I'm new to Apple, and while the experience has largely been positive, I have been stymied trying to configure keyboard shortcuts to my specifications. For example, I used a rather round-about process (via the "Automator") to assign a shortcut to open a new terminal. But even now this this shortcut only seems to function if the focus is on a program which has not overwritten that particular key-combination with its own definition.

I'm looking for information on something like a hierarchy of protocols for how my Mac decides to use which key-combination definition in which context, or a philosophy on the best way to assign my preferred shortcuts. Can I make a keyboard shortcut so high in priority that no application can take precedence?

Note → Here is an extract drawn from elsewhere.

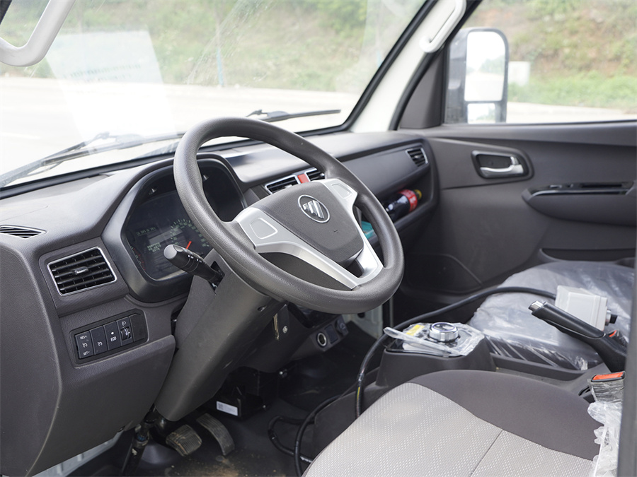 電動自裝卸式垃圾車該車專用裝置為垃圾箱體、提升機構,主要用于垃圾的收集和轉運;整車長/后懸對應關系(mm):5340/1410,5120/1190;側防護材料為:Q235碳鋼,連接方式為螺栓連接;后防護由專用裝置代替,后部防護離地高度(mm):300;蓄電池為磷酸鐵鋰蓄電池,成箱后的儲能裝置總成型號:L173TB3,儲能裝置總成生產企業:寧德時代新能源科技股份有限公司,儲能裝置單體型號:CB220,儲能裝置單體生產企業:寧德時代新能源科技股份有限公司;驅動電機類型為永磁同步電機,型號為FTTBP075B,額定功率為45kW,峰值功率為90kW,生產企業為北汽福田汽車股份有限公司;ABS型號是YF9,生產企業是武漢元豐汽車電控系統有限公司,選裝ABS型號是CM4YL,生產企業是廣州瑞立科密汽車電子股份有限公司;該車型可選裝直接供電式ETC車載裝置;該車整備質量不包含備胎,滅火器和隨車工具;貨箱質量為:1430kg;貨箱材質為:Q235鋼板,底板厚度為3mm,前板、后板、頂板、側板厚度均為2mm;選裝車輛側面樣式。隨底盤選裝logo

I think the OS X Human Interface Guidelines are the place you're looking for. They state that there are Apple-reserved shortcuts (e.g. cmd ⌘+space) and also “expected behaviours” (e.g. cmd ⌘+c) one should respect.

While they don't explicitly state the priority, it suggests itself that the System always should have priority before the frontmost (active) and then background applications.

From my experience, you’re on the safe side with multiple modifier keys (i.e. cmd ⌘+ctrl+shift+…).

As an aside: regarding your specific example (assigning a shortcut to open a new terminal) there's also excellent apps for that, TotalTerminal (Terminal.app extension) and iTerm 2 (Terminal.app replacement) come to mind


The shortcuts set in the Keyboard preference pane's Shortcuts tab take precedence over any application shortcuts; in fact, if you dislike an application's preset shortcut or want a shortcut for a menu item that an application hasn't provided one for, you can use the "App Shortcuts" section to override it—though take care to copy the name from the application exactly, including, for example, three dots at the end when the menu option does as in "Save As...".

For instance, it always annoyed me when, trying to close a window with ⌘W, I slipped and hit ⌘Q, quitting my browser without a chance to save anything. So I added a new shortcut in Keyboard Shortcuts for "Quit Google Chrome" as ⌃⌥⇧⌘Q (ctrl-opt-shift-cmd-q). Now ⌘Q did nothing unless I held down those other modifier keys as well.